Figure 5. Expression of Rac1 disrupts tissue polarity but does not prevent proliferation arrest. (A) Rac1 activity correlates with PI3K activity, analyzed by using recombinant PAK-GST-CD fusion protein pulldown from lysates of 10-d 3D lrBM cultures of S-1, T4-2, and T4-2+LY cells. (B) Expression of constitutively active Rac1 L61, detected from lysates of cells infected with Rac1L61 or vector control and probed with anti-HA antibody (left) or immunoprecipitated with anti-HA antibody and blotted by anti-Rac1 antibody (right). (C) Inhibition of PI3K attenuates growth of both T4-2+Rac1 L61 colonies and control (T4-2+Vector) colonies, as assessed by phase contrast microscopy.
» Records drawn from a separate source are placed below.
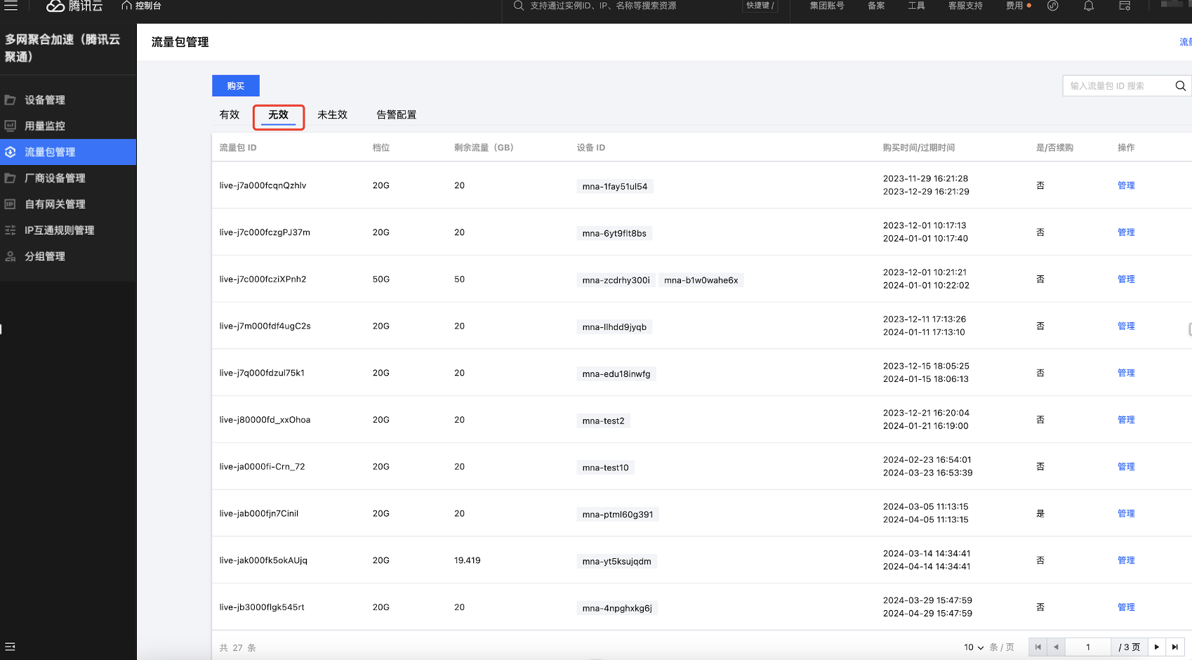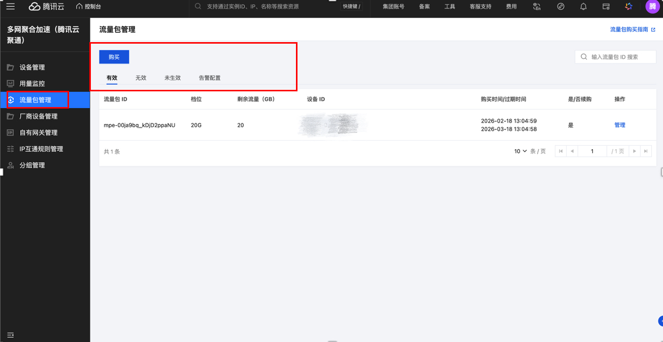 多网聚合加速(腾讯云聚通)支持通过控制台查看账号下的流量包使用情况,您可单击左侧栏流量包管理,在流量包列表中可查看有效流量包、无效流量包和未生效流量包及告警配置。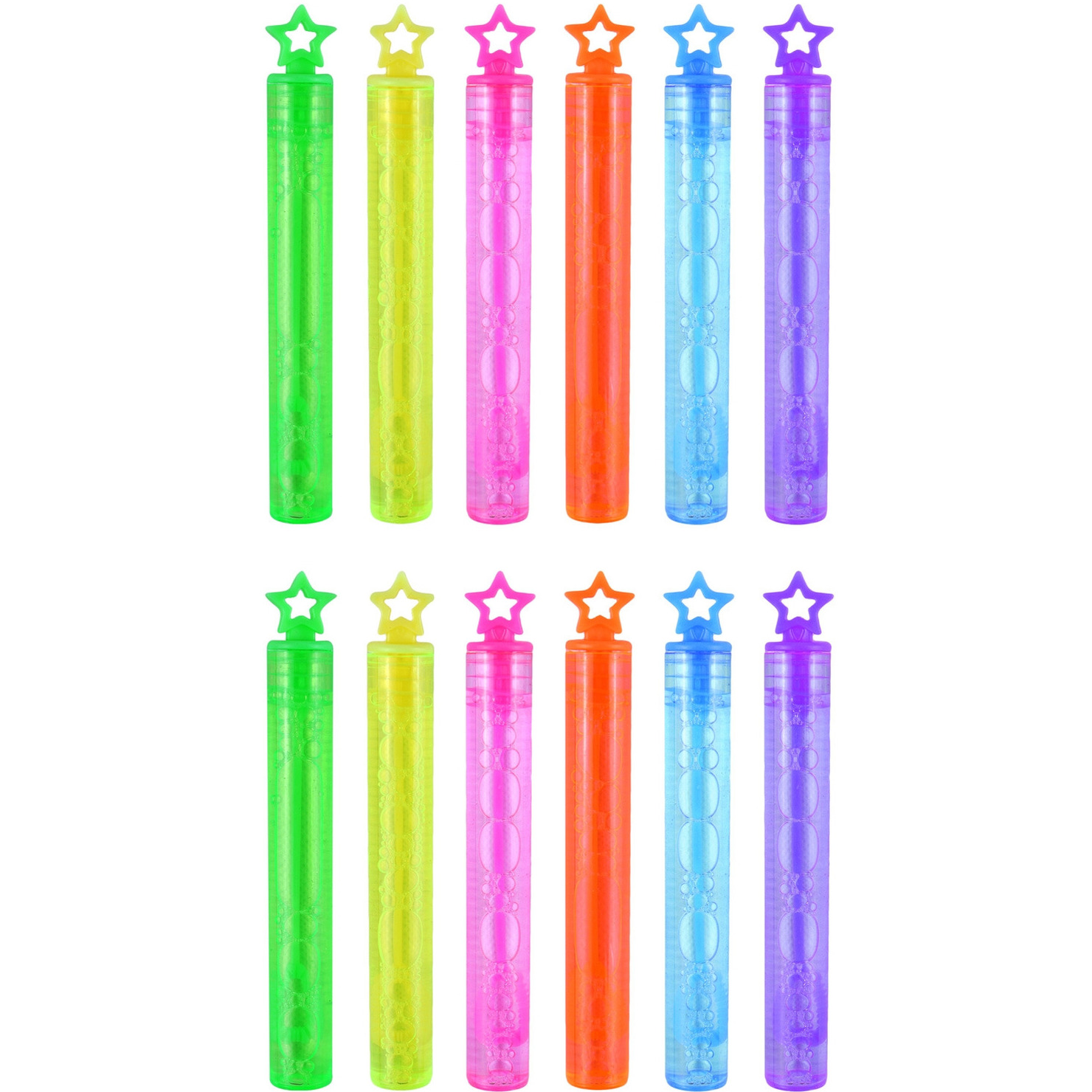 Bellenblaas buisjes set van 12 stuks in neon kleuren met een sterretje op de dop. Een leuk klein item voor een grabbelton of om uit te delen met een kinderfeestje of trakteren op school. Deze kleine bellenblaas flesjes zijn ook leuk om te gebruiken bij een bruiloft! Om in plaats van bloembladjes te gooien, bellen te blazen! De bellenblaas is geschikt voor kinderen en volwassenen. Materiaal flesje: kunststof. Inhoud flesje: ca. 4 ml. Aantal: 12 stuks. Thema: neon/sterretje.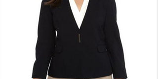 Calvin Klein Blazer Feminino Sem Gola e Botão Único Azul Marinho Tamanho 16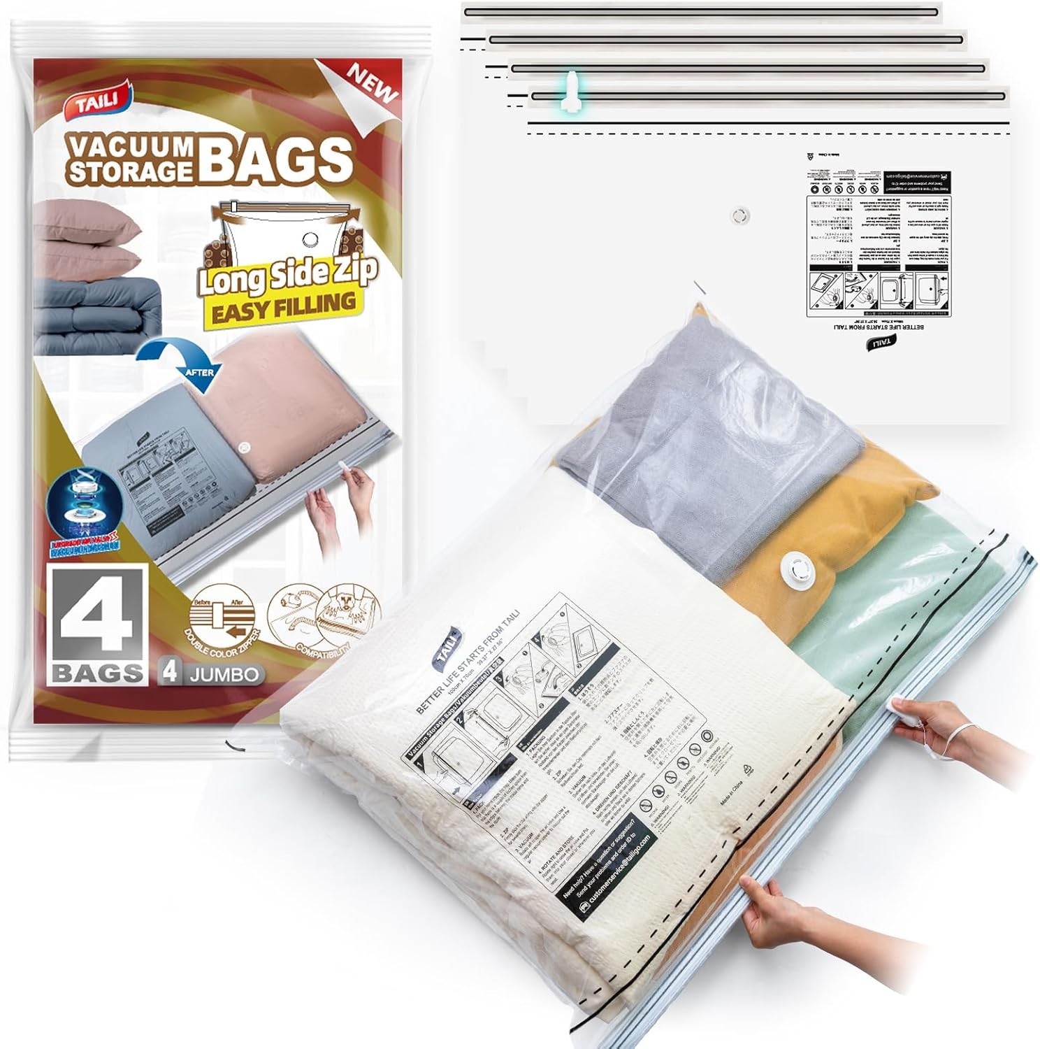 TAILI Vacuum Storage Bags With Long Side Zip 4 Pack 100 x 70 CM Extra Large Vac

Bar, 20 µm. (D) Analysis of total nuclear number at spheroid cross section reveals that treatment with LY294002 causes statistically signinficant decrease of colony cell number, but expression of Rac1L61 causes no substantial difference (mean ± SD, P values calculated using Student's t test; more than 300 colonies were analyzed from 3 independent experiments for each condition). (E) Attenuation of PI3K activity does not restore tissue polarity in T4-2 cells that express Rac1 L61, as assessed by immunofluorescence of vector control or transfected cells, stained with antibody against {{alpha}}6 integrin and with DAPI. Bar, 10 µm. (F) Statistical analysis of data in E, in which polarity was assessed by percentage of spheroids without polarized distribution of {{alpha}}6 integrin at basal surface (mean ± SD, P < 0.01, vector control versus Rac1 L61 cells treated with LY294002, Student's t test; more than 700 colonies were analyzed for each condition from 3 independent experiments).

Figure 6. Simultaneous expression of both Akt and Rac1 is sufficient to prevent reversion induced by attenuation of PI3K activity. (A) Expression of both constitutively active Akt (Myr-Akt) and Rac1 (Rac1 L61) in T4-2 cells was detected by probing Western blots of cell lysates with anti-HA antibody. (B) PI3K inhibition fails to decrease proliferation and to restore tissue organization in Myr-Akt and Rac1 L61-double transfectants, as assessed by phase contrast microscopy and (C) by increased nuclei per spheroid cross section (mean ± SD, P values calculated using Student's t test; more than 300 colonies were analyzed for each condition from three independent experiments). Bar in B, 20 µm. (D) Restoration of basal tissue polarity is disrupted in double transfectants, as assessed by aberrant location of {{alpha}}6 integrin in LY294002-treated T4-2 Myr-Akt+Rac1 L61 cells grown in 3D lrBM for 10 d. Representative images from three independent experiments are shown. Bar, 10 µm. (E) Myr-Akt and Rac1 L61 double transfectants collaborate to increase anchorage-independent cell growth and overcome the inhibitory effects of treatment with PI3K inhibitor. Transfectants were grown in methyl cellulose for 3 wk in the absence or presence of PI3K inhibitor. Representative images are shown from duplicate experiments.

Figure 7. Scheme of proposed tumor cell signaling network to control polarity, proliferation, and apoptosis. T4-2 signaling network. PI3K activity is increased in tumor cells as a result of aberrant signaling from cell–ECM and cell–growth factor receptor interactions. The consequent activation of Akt contributes to the increased cellular proliferation through downstream pro-proliferation and anti-apoptotic pathways. Increased PIP3 also leads to up-regulation of Rac1 through activation of Rac1-specific GEF activity, resulting in altered organization of the actin cytoskeleton, formation and maintenance of tight junctions, and directionality of vesicle trafficking, effects that combine to disorganize the tissue structure. Thus, each pathway independently affects cellular behavior, but the synergistic effect leads to the tumor phenotype. ({*}) Cross-modulation in 3D lrBM. Inhibition at any of these pressure points results in normalization of the expression and activity at each of the other points, with concomitant normalization of downstream signaling pathways.